Вместе с тем опора на тезис «Я существую» предполагает решительное перераспределение акцентов. В классической науке факт человеческого существования служил источником когнитивного дискомфорта и даже выглядел, по ироническому замечанию И. Пригожина [1985, с.24], «своего рода иллюзией». Диаметрально противоположный взгляд выражает формула английского астрофизика Б. Картера (см. [Розенталь И.Л., 1985]): Cogito, ergo mundus talis est (Я мыслю, значит, таков мир). Иначе говоря, «любая физическая теория, противоречащая существованию человека, очевидно, неверна» [Девис П., 1985, с.154]; эта простая мысль стала аксиомой для многих современных естествоиспытателей.
В социальном исследовании антропный принцип оборачивается принципом эгоцентризма . Человеческий мир обладает какими-то качествами, которые позволили ему дожить до моего рождения, несмотря на многократные нарушения природных балансов и спровоцированные этим катастрофы. Серьезного обсуждения заслуживают только такие концепции, которые этому факту не противоречат. Чем лучше мы поймем, почему цивилизация смогла до сих пор сохраниться, тем больше шансов преодолевать кризисные ситуации в будущем.
Таким образом, философская банальность, состоящая в том, что прошлое содержит в себе возможность настоящего, превращается в оригинальный методологический ориентир: полноценное описание физических, биологических или социально-исторических состояний должно содержать указание на те их свойства, которые сделали возможными последующие события и состояния.
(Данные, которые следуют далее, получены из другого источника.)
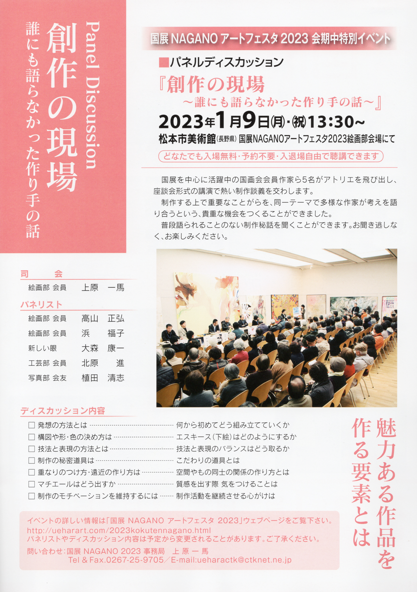 ・ ■パネルディスカッション「創作の現場~誰にも語らなかった作り手の話~」 2023年1月9日〈月祝〉13:30~ 国画会会員作家ら5名がアトリエを飛び出し、座談会形式の講演で熱い制作談義を交わします。 制作する上で重要なことがらを、同一テーマで多様な作家が考えを語り合うという、貴重な機会をつくることができました。普段語られることのない制作秘話を聞くことができます。 前回100数名以上が参加した人気のイベントです。作家のこころを聞いてみたい人や自分でも制作をしてみたい人におすすめです。お聞き逃しなく。 どなたでも無料・予約不要・入退場自由で聴講できます。 司 会 絵画部 会員‥‥上 原 一 馬 パネリスト 絵画部 会員‥‥高 山 正 弘 絵画部 会員‥‥浜 福 子 新しい眼 ‥‥大 森 康 一 工芸部 会員‥‥北 原 進 写真部 会友‥‥植 田 清 志 ディスカッション内容 □ 発想の方法とは 何から始めてどう組み立てるか □ 構図や形・色の決め方は エスキース(下絵)はどのようにするか □ 技法と表現の方法とは 技法と表現のバランスはどう取るか □ 制作の秘密道具は こだわりの道具とは □ 遠近・重なりのつけ方は 空間やもの同士の関係の作り方とは □ マチエールはどう出すか 質感を出す際 気をつけることは □ 制作のモチベーションを維持するには 制作活動を継続させる心がけは |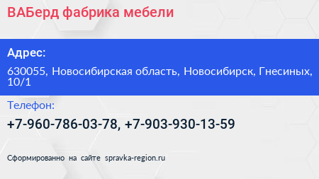 ВАБерд, фабрика мебели по адресу 630055, Новосибирская область, Новосибирск, Гнесиных, 10/1 в дальнейшем Организация, размещена в следующих категориях:

Этому созвучен еще один типично постнеклассический мотив: «Чтобы не уничтожить этот мир, мы должны настоящим руководить из будущего» (К. Бурихтер, цит. по [Зубаков В.А., 2002, с.45]).
Эволюционно-исторический разворот научного мировоззрения обусловил сдвиг интереса с проблемы бытия к проблеме становления и, далее, к проблеме сохранения.
С одной стороны, равновесные состояния и линейные процессы оказываются только переходными моментами неравновесного и нелинейного мира, в котором постоянно образуются новые структуры. С другой стороны, почти все новообразования в духовной жизни, в технологиях, в социальной организации, а ранее в биотических и физико-химических процессах представляют собой «химеры» – в том смысле, что они противоречат структуре и потребностям метасистемы, – и чаще всего выбраковываются, не сыграв заметной роли в дальнейших событиях. Но очень немногие из таких химерических образований сохраняются на периферии большой системы (соответственно, культурного пространства, биосферы или космофизической Вселенной) и при изменившихся обстоятельствах могут приобрести доминирующую роль. Поэтому важнее выяснить не то, как и когда в истории возникло каждое новое явление, а то, каким образом оно сохранилось, и когда и почему было эволюционно востребовано после длительного латентного присутствия в системе.
Рассматривая развитие как функцию сохранения и сосредоточив основное внимание на периодически обостряющихся кризисах, мы выделяем важный ракурс в причинно-следственной динамике не только прошлого, но также настоящего и будущего.
Именно будущее – основной предмет этой книги, хотя ее большая часть посвящена далекому прошлому. Прогноз всегда, так или иначе, строится на экстраполяции, а главный вопрос состоит в том, какие из выявленных тенденций, как и в какой мере уместно экстраполировать.
Это, в свою очередь, зависит от двух методологических предпосылок: ретроспективной дистанции и дисциплинарного наполнения модели. Соответственно, когда выбранная методология несоразмерна сложности прогностической задачи, футурологам грозят две характерные ошибки.
В первом случае перспектива глобальной системы выводится из отдельных тенденций, отслеженных на коротком временнум отрезке. Абсолютизируя ту или иную тенденцию, аналитики XIX века предрекали, например, тотальный продовольственный дефицит, всеобщую пролетаризацию общества, затопление городов лошадиным навозом и прочее.
Во втором случае прогноз строится на монодисциплинарном расчете, перспектива оценивается исключительно с позиций термодинамики, энергетики, геологии, генетики, демографии или какой-либо иной отрасли знания, а все прочие («субъективные») факторы игнорируются. Тем самым, уже в исходной посылке заложен однозначно пессимистический прогноз.